NIO.space: breakthrough in onboard spacecraft AI presented at IGARRS by ESA

At the International Geoscience and Remote Sensing Symposium (IGARSS) on 21 July, ESA Φ-lab presented the results of groundbreaking research in artificial intelligence (AI) aboard Earth observation satellites. Carried out by Oxford University and Trillium Technologies in collaboration with Φ-lab, the research successfully trained a cloud-detection Machine Learning model while in flight on a D-Orbit ION mission.

ESA has given considerable attention in recent years to Cognitive Cloud Computing in Space (3CS), with such initiatives as the Φsat missions and the 3CS Call for Ideas helping to push the boundaries of enabling ever-increasing computational power onboard Earth observation (EO) satellites. The D-Orbit Dashing Through the Stars mission was launched in January 2022 and included a number of service tests funded by ESA. Among these was a customisable Machine Learning (ML) payload which allows models to be uploaded, updated and run directly on the satellite.

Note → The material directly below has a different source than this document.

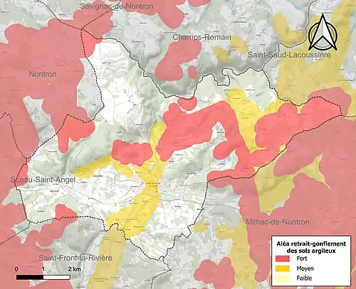 Wie die Risikokarte zeigt, ist Saint-Pardoux-la-Rivière zu 40,7 % seines Gemeindegebietes mittelmäßig bis relativ stark von der Gefahr durch Bodensetzungen betroffen.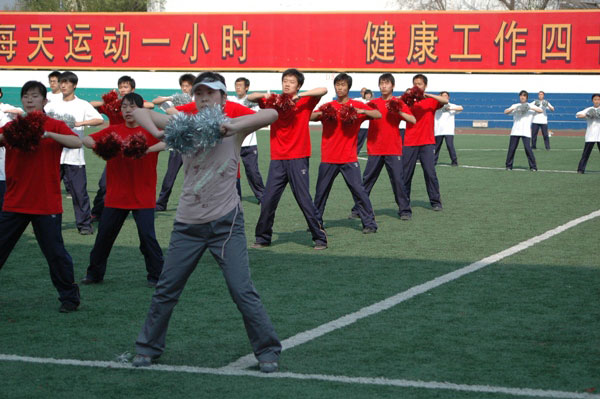 校健美操大赛选拔赛5月14日下午在北体育场举行。

Despite the models running on the satellite, model training would normally take place on the ground due to the computational load and the enormous datasets required. In a world first however, Trillium Technologies and Oxford University’s Department of Computer Science have trained one such model directly onboard during the D-Orbit mission. This development has momentous implications for remote sensing, not only in Earth Observation but also in deep space exploration, as onboard training allows models to adapt autonomously to both changing conditions in space and sensor calibration drift. This is all the more important when the communication channel between the spacecraft and ground is limited due to distance and/or bandwidth.

To overcome the resource constraints of onboard training for ML models, the research group adopted an innovative approach involving an initial ML model known as RaVAEn. This model specialises in efficiently compressing EO images to just a few kilobytes, reducing the data to a ‘latent space’ representation. The key advantage of this methodology lies in the ease with which the constrained satellite hardware can handle the compact latent space. Unlike the original large and data-intensive imagery, the compressed representation is significantly smaller and more manageable.